**REQUIREMENT**
Without copying any picture, transcribe exactly the lines of the data below from the one containing "To make it, take" through the one containing "أحد الممرات الضيقة".

**RECORDS FOR THE EXERCISE**
□ □ □
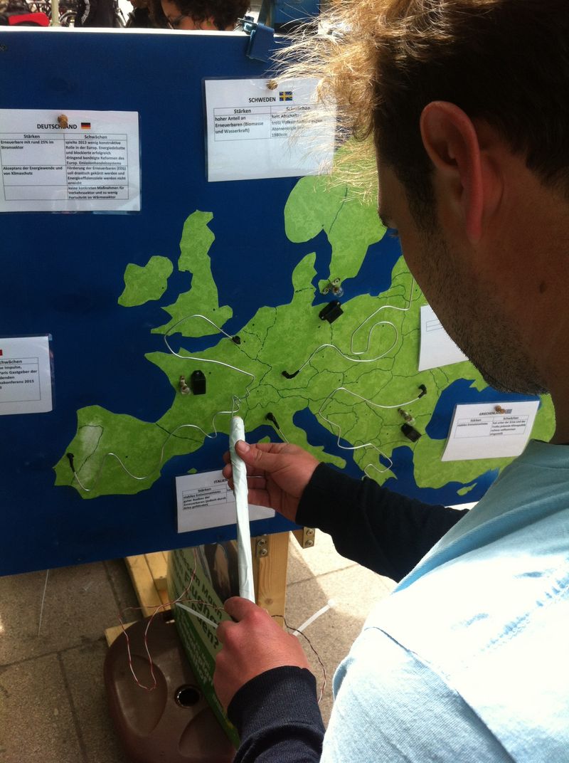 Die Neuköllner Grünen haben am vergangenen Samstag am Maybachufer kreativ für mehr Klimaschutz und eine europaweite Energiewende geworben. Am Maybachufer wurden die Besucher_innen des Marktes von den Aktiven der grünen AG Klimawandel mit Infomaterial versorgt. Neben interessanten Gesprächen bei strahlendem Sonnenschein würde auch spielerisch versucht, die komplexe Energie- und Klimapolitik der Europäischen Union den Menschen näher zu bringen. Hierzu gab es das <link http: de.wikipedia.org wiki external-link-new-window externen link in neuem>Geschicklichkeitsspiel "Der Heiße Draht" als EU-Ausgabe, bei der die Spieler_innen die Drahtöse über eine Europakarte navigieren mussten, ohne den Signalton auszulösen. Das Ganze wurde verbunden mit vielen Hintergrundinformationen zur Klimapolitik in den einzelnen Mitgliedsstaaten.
□ □ □
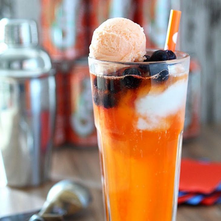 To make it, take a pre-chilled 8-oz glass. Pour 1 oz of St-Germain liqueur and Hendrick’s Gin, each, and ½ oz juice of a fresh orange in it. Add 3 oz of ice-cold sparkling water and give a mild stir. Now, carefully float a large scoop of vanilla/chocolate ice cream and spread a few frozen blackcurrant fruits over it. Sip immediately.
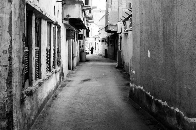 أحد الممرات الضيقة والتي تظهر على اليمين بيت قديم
□ □ □
**RESPONSE BOX**
 To make it, take a pre-chilled 8-oz glass. Pour 1 oz of St-Germain liqueur and Hendrick’s Gin, each, and ½ oz juice of a fresh orange in it. Add 3 oz of ice-cold sparkling water and give a mild stir. Now, carefully float a large scoop of vanilla/chocolate ice cream and spread a few frozen blackcurrant fruits over it. Sip immediately.
 أحد الممرات الضيقة والتي تظهر على اليمين بيت قديم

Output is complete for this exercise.